Jasper Boeddinghaus1,2,3, Raphael Twerenbold1,3, Thomas Nestelberger1,3, Luca Koechlin1,4, Desiree Wussler1,2,3, Mario Meier1,3, Valentina Troester1,3, Tobias Zimmermann1,3, Patrick Badertscher1,3,5, Karin Wildi1,3,6, Maria Rubini Giménez1,3, Pedro Lopez-Ayala1,3, Eliska Potlukova1,2, Òscar Miró3,7, F Javier Martin-Sanchez3,8, Damian Kawecki3,9, Nicolas Geigy10, Dagmar I Keller11, Tobias Reichlin1,3,12, Christian Mueller13,3.   

Abstract

BACKGROUND: We aimed to validate the clinical performance of the high-sensitivity cardiac troponin I [VITROS® Immunodiagnostic Products hs Troponin I (hs-cTnI-VITROS)] assay.
METHODS: We enrolled patients presenting to the emergency department with symptoms suggestive of acute myocardial infarction (AMI).
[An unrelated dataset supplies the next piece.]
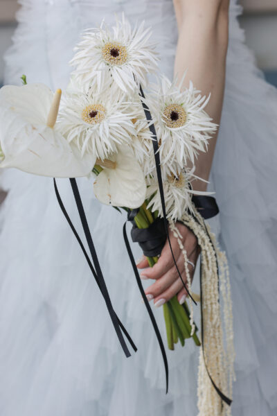 リボンもホワイトで統一し、より凛とした雰囲気に仕上げています。
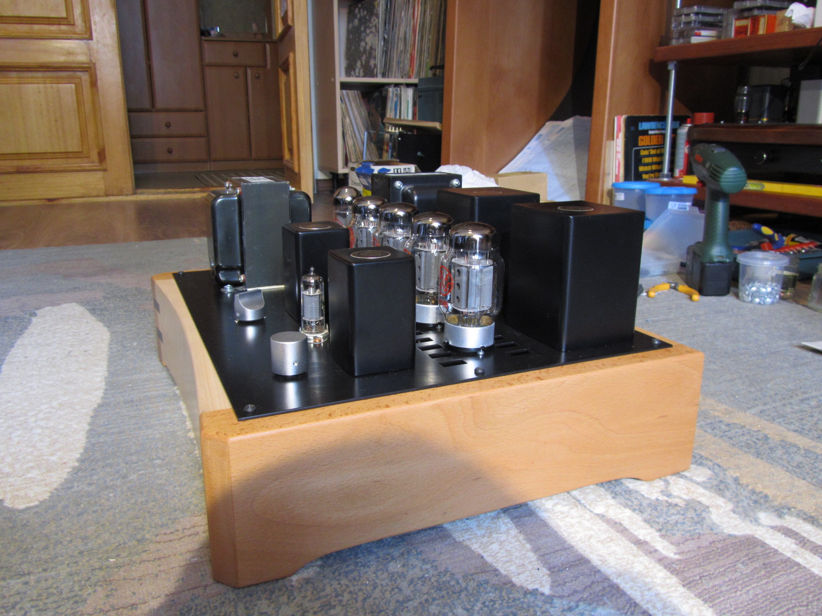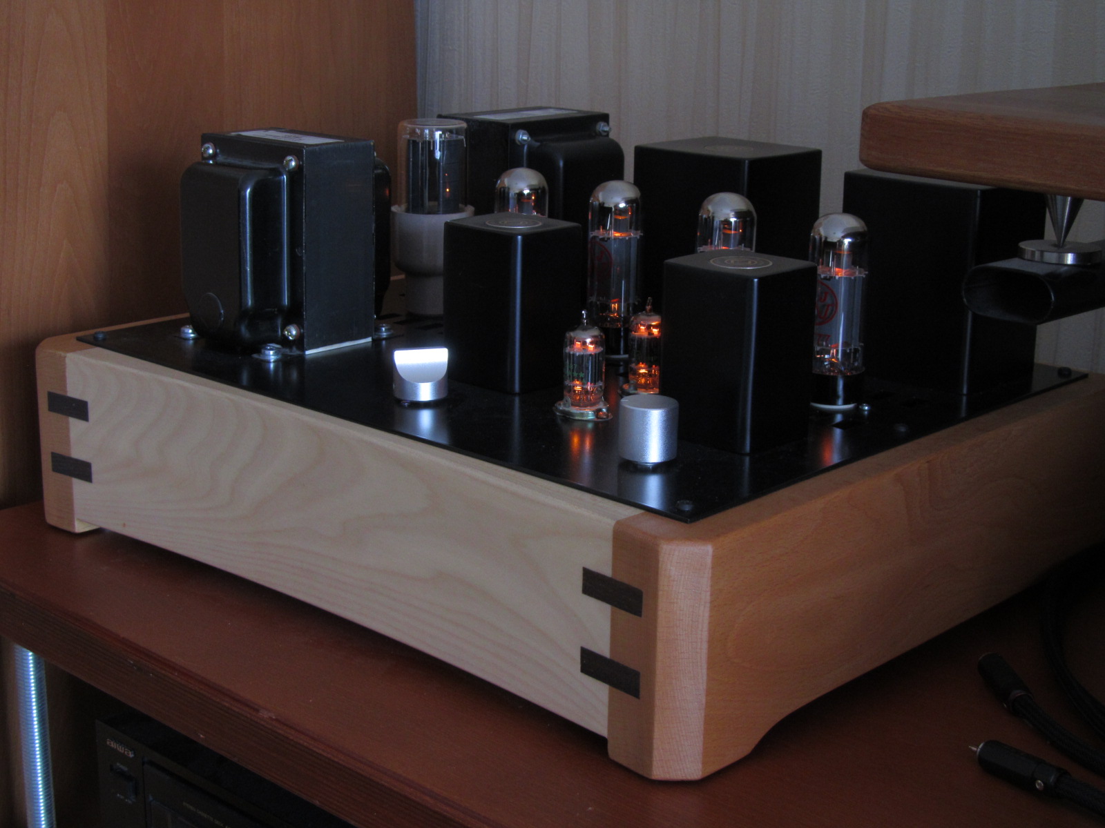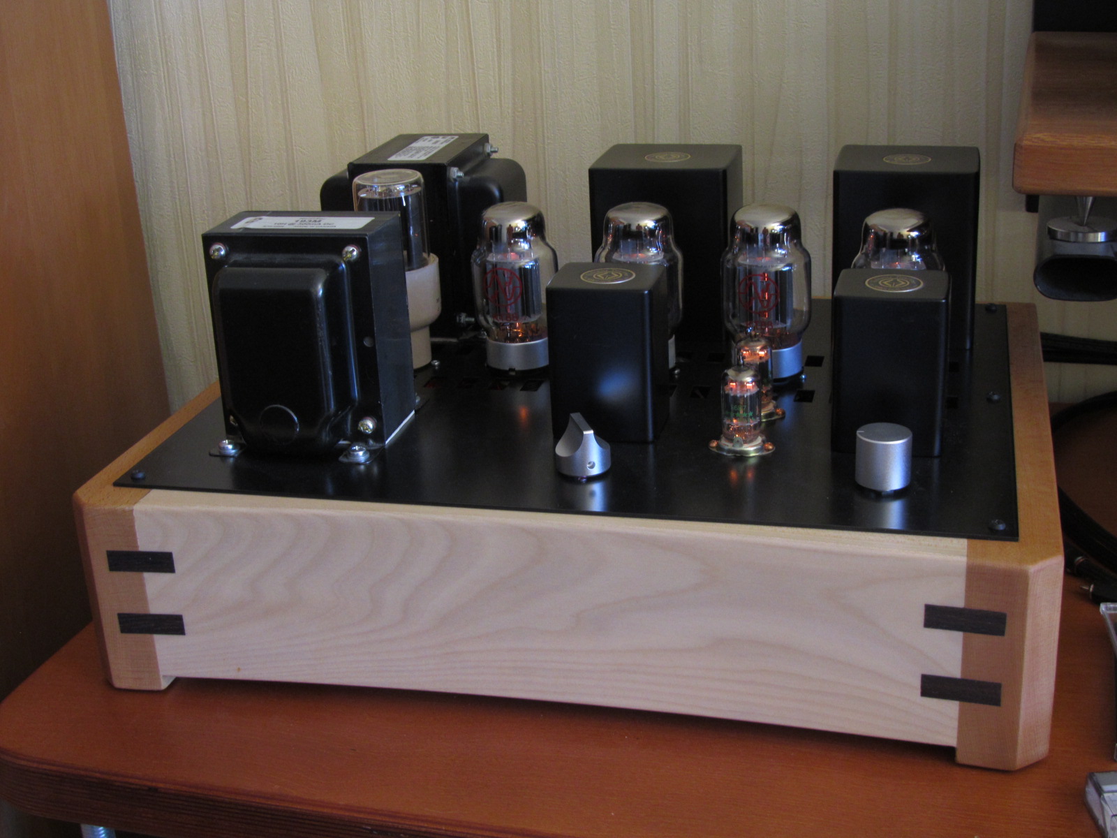 http://www.tubeampdoctor.com ), на драйвер и входной каскад решил поставить шикарные 5687 фирмы GE, кенотрон 5R4WGA фирмы Chatham Electronics. Решил сделать интегральник...три входа будет достаточно, РГ ALPS, резисторы DALE, AB, Kiwame, наши уголек ВС, кондеры Nichicon, WIMA, Elit, провода медь...Корпус усилителя изготовлен из массива бука и явора со вставками из черного дерева,покрытого бесцветным лаком, верхняя и задняя панели из железа, покрытого порошковой краской. Чуйка получилась 150 мв, выходная мощность по 15 ватт на канал, частотка 8-35000 гц на 1 ватте, потребляемая мощность с лампами КТ-77 около 120 ватт, вес 25 кг, размеры 50-44-23 см...Реальная схема с режимами работы прилагается...Чем хороши пушпульники-работают хорошо почти с любыми колонками и играют почти любую музыку...

Final diagnoses were centrally adjudicated by 2 independent cardiologists considering all clinical information, including cardiac imaging: first, using serial hs-cTnT-Elecsys (primary analysis) and, second, using hs-cTnI-Architect (secondary analysis) measurements in addition to the clinically used (hs)-cTn. hs-cTnI-VITROS was measured at presentation and at 1 h in a blinded fashion. The primary objective was direct comparison of diagnostic accuracy as quantified by the area under the ROC curve (AUC) of hs-cTnI-VITROS vs hs-cTnT-Elecsys and hs-cTnI-Architect, and in a subgroup also hs-cTnI-Centaur and hs-cTnI-Access. Secondary objectives included the derivation and validation of an hs-cTnI-VITROS-0/1-h algorithm.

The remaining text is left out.